This is an answer I gave to an interview question about designing a model that avoids deceptive alignment. I attempted to take it a step further and prove that deceptive alignment is impossible in my approach

Question

Suppose you want to train a model to do superhuman question-answering. To do that, you collect a dataset of (x, q, a) pairs where x is the output from some set of sensors at some time, q is some question about the world at that time, and a is some answer to that question, collected by humans investigating the question at a later time. You then want to train a machine learning model via some training scheme to fit that dataset.As an abstraction, we’ll think of all training processes as describable by a prior with the property that, when conditioned on the dataset, the resulting posterior describes the distribution of models that result from applying that training process to that dataset. Thus, when I ask you to describe a training process with particular properties, you need only specify a prior and a dataset-generating procedure—and you’re welcome to provide any describable prior, computable or not (so a Solomonoff prior is fair game, for example).Now, here are some models that you might get in such a situation:The direct translator honestly answers questions according to its internal model of the world.The human imitator mimics the process used by humans to produce the answers in the training distribution.The deceptive model has some completely separate goal—e.g. maximize paperclips—but answers questions honestly during training specifically because it wants to be selected by the training process so that it can eventually enact a treacherous turn.The ELK problem asks you to find a training process that preferentially selects for the direct translator over the human imitator (it’s also slightly different in that it only asks you to learn a question-answering head on top of an existing predictive model, whereas here we want to learn the whole thing end-to-end).The problem here, however, is to find a training process that preferentially selects for the human imitator over the deceptive model. We’re putting aside the question of how to get the direct translator entirely here and instead just focusing on how to not get the deceptive model.

Answer

We will define a set, S_M, of allowed models (i.e. P=0 for all other models), but no other priors (i.e. probability is evenly distributed over models in S_M). S_M contains MLPs (I use MLPs only to help describe the approach in concrete terms) of identical architecture and thus also identical parameter counts K. Furthermore, K is low enough that all models in S_M are underparameterized relative to the dataset, X (i.e., adding more parameters >K can always yield lower train loss for every M in S_M). Given that there are no other model priors, our training procedure is to just choose the model in S_M that achieves the lowest training loss, where the training loss is computed as the difference between the human-generated answers and the model-generated answers. How the dataset is collected doesn’t matter too much beyond the premises already outlined in the question, but the larger, more diverse, and accurate the dataset, the better.

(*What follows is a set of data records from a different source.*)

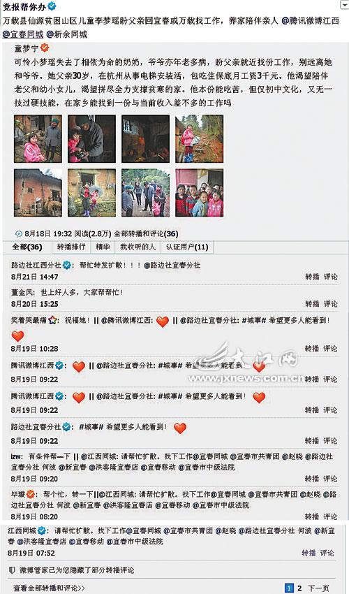 本栏目微博发布留守女童盼父回乡信息,众多网友为其父找工作
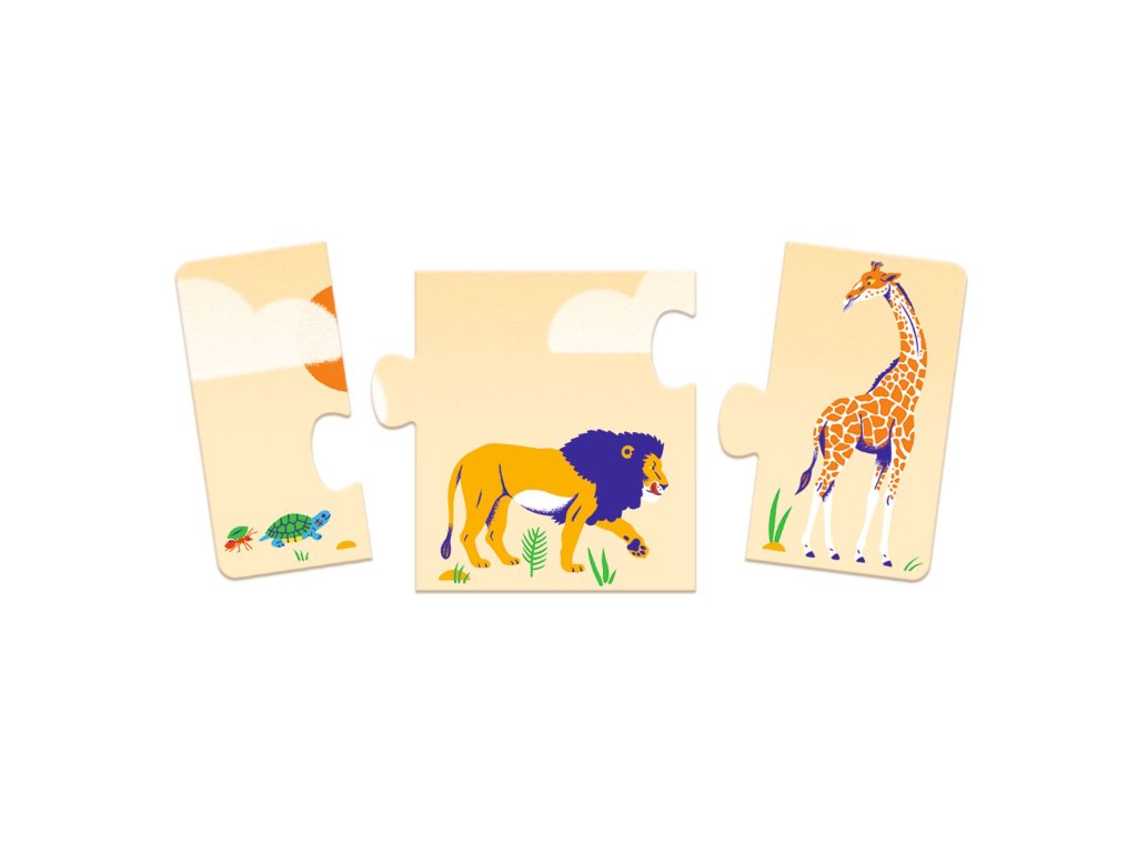 Postupové puzzle – Africké zvieratá (malý, väčší, najväčší)Skladanie podľa veľkosti pre najmenšíchPostupové puzzle malý – väčší – najväčší s motívom afrických zvierat sú ideálne prvé puzzle pre malé deti. Dieťa skladá zvieratká od najmenšieho po najväčšie, čím sa prirodzene učí porovnávať veľkosti a vnímať postupnosť. Puzzle pozostávajú z 10 pevných dielikov, ktoré sú prispôsobené malým detským rukám. Jednoduchý princíp skladania podporuje samostatnú hru a prináša deťom radosť z úspechu.Čo si dieťa pri hre precvičírozlišovanie veľkostí (malý – väčší – najväčší)logické myslenie a poradiejemnú motorikukoordináciu ruka–okosústredeniePrečo si vybrať puzzle od Djecoideálne ako prvé postupové puzzlekrásny motív afrických zvieratpevné dieliky vhodné pre malé rukyjednoduché a zrozumiteľné skladanievhodné pre deti od 3 rokovDodatočné parametre
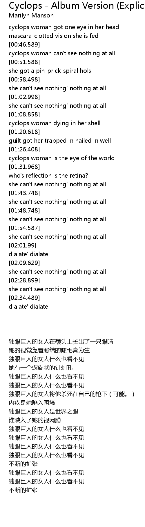 | [00:47.918] | cyclops woman can't see nothing at all |
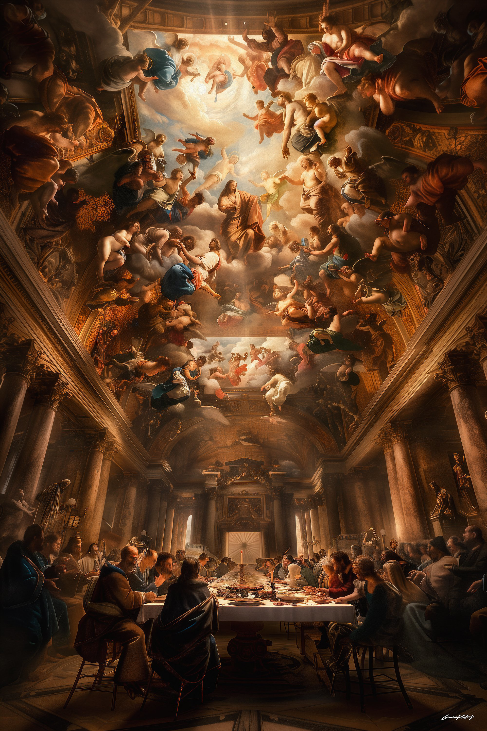 Il seguace di Jacob Jordaens con la monumentale scena di «Filemone e Bauci visitati da Giove e Mercurio» (celebre è il capolavoro di Rembrandt con il medesimo soggetto conservato nella National Gallery of Art di Washington) imposta subito il registro mitologico: l’episodio ovidiano diventa celebrazione della virtù domestica, ma anche esercizio di opulenza narrativa. In controcanto, la «Madonna con Bambino» della cerchia di Gherardo delle Notti assorbe la lezione di Caravaggio trasformando la luce in strumento di rivelazione intima, mentre il «Compianto su Cristo morto» di un seguace di Peter Paul Rubens e la «Lucrezia romana» di ambito reniano insistono su pathos e teatralità. La natura morta secentesca di Jean-Baptiste Monnoyer, con la sua esuberanza floreale, sembra quasi anticipare, in chiave aristocratica, la futura seduzione seriale dei fiori di Murakami: già qui la superficie è spettacolo. Il versante nordico si arricchisce con i due dipinti della Scuola fiamminga, «Noli me tangere» e «De Emmaüsgangers», dove il realismo minuzioso diventa esercizio teologico, e con il paesaggio di Cornelis Gerritsz Decker, allievo del più celebre Ruysdael, che nei suoi sentieri fangosi e nei cieli bassi introduce una dimensione esistenziale della natura. La tensione religiosa si prolunga nella «Vergine in preghiera» della Scuola di Giovanni Battista Salvi e nel «Martirio di Santa Giustina» di ambito veronesiano: la devozione qua si fa costruzione scenica.
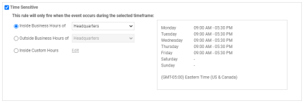 The Time-Sensitive section allows you to limit when the workflow rule will be triggered. This is great for creating different workflow rules for business hours and after hours, or assigning a ticket to a team in another time zone if you have a follow-the-sun support model.
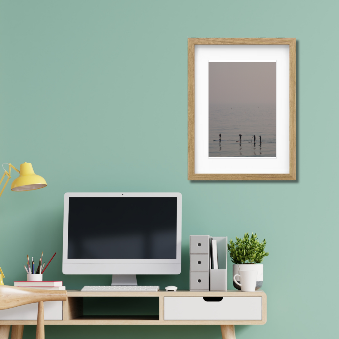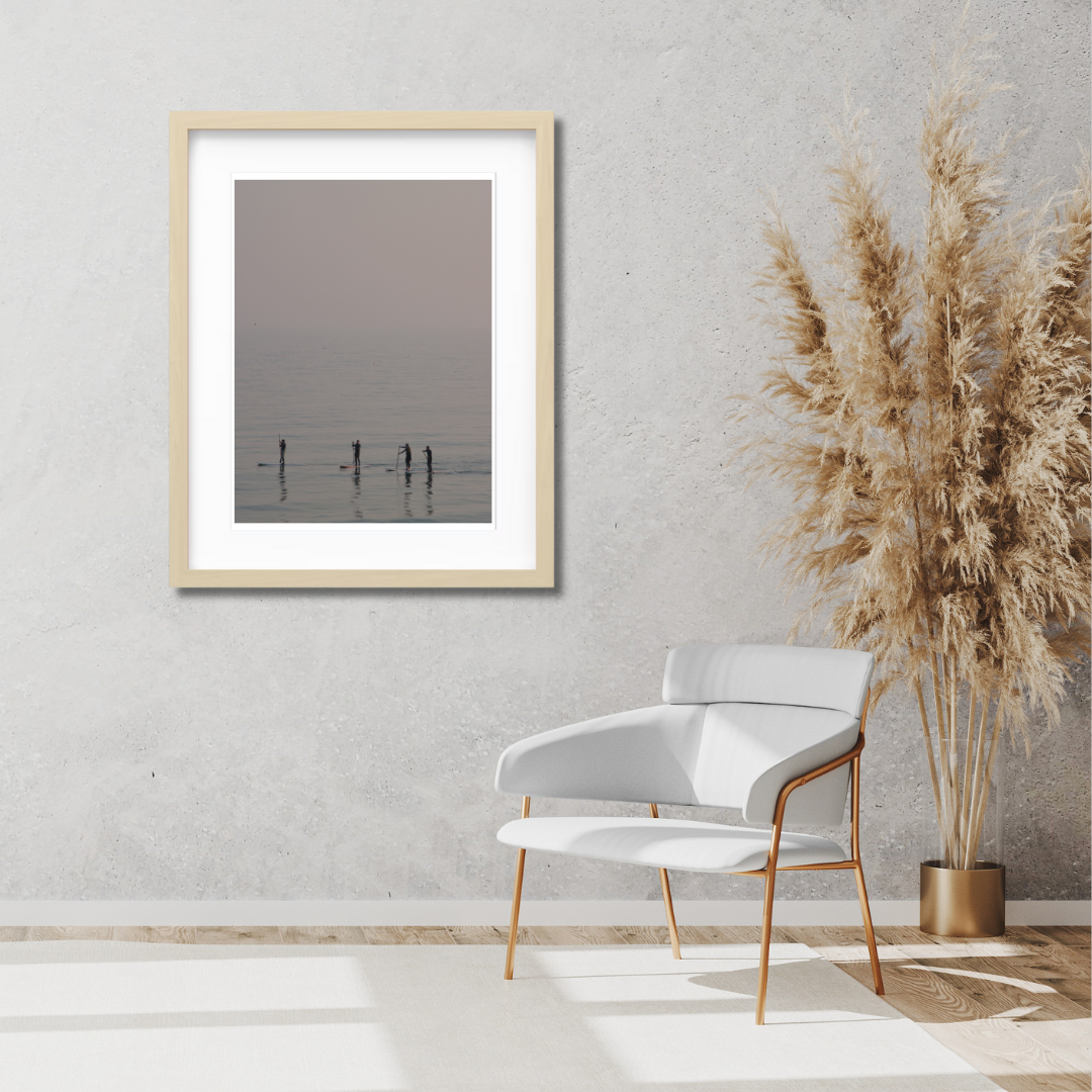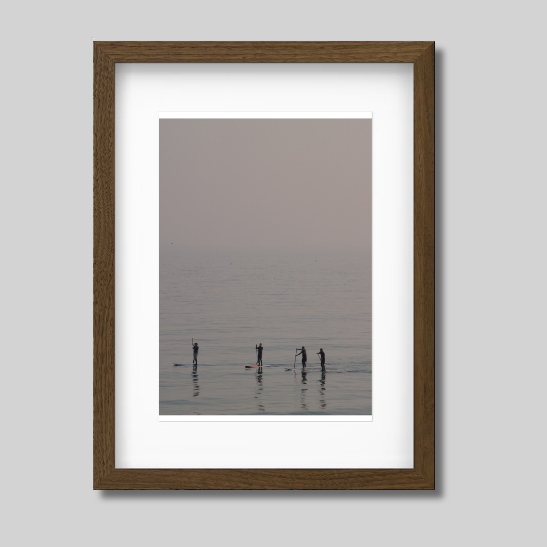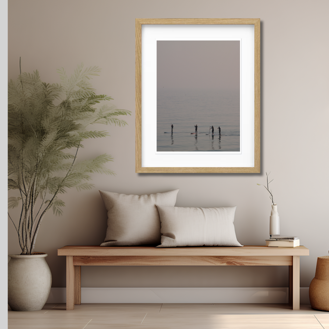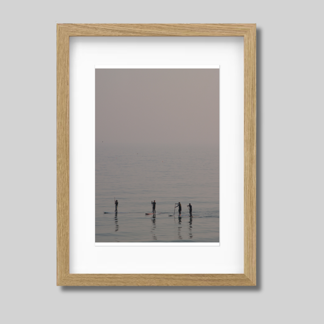 In Drift, Namdar Shirazian captures a moment of calm precision as four paddleboarders glide across an endless, glasslike sea. The figures, silhouetted against a muted horizon, appear suspended between water and sky, evoking a dreamlike stillness and meditative grace.

I will prove that this approach avoids deceptive alignment by contradiction:

For deceptive alignment to exist, our training process must be capable of producing some model, M_d, which possesses a mesa objective O_mesa that will cause some undesired behavior on the deployment distribution. For this behavior to exist, M_d must have some way of checking for a distributional shift. Such a circuit would compute P(x,q|deployment) (=1-P(x,q|train)) and then use this to determine whether to pursue the base objective or the mesa objective. The crucial detail of this circuit is that it has no effect on the training loss. One can see this by removing the circuit during training and just have the model pursue the base objective (e.g. by just hardcoding what would happen if P(train) > 0.5). This modification would produce identical behavior on the training distribution, and thus identical training loss. However, if such a circuit exists and doesn’t affect the training loss, we can replace the parameters forming that circuit with parameters that are instrumentally useful for pursuing the base objective and thus reduce the training loss, because M_d is underparameterized; therefore, there exists another model in S_M with a lower training loss than M_d, a contradiction.

In a more practical scenario, this approach may still be vulnerable to a treacherous turn during training. However, this question only asks for a prior (including those that are non-computable) and a dataset-generating procedure, which I take to mean that we don’t need to specify a particular numerical optimization process and we can just “jump” to the highest probability model. Alternatively, you could answer this question using a class of models for which analytical solutions exist instead of MLPs (even if finding the analytical solution takes a very long time) and you would avoid this issue. But, more analysis would be required if we wanted to state a concrete local optimization procedure to prevent treacherous turns during training itself.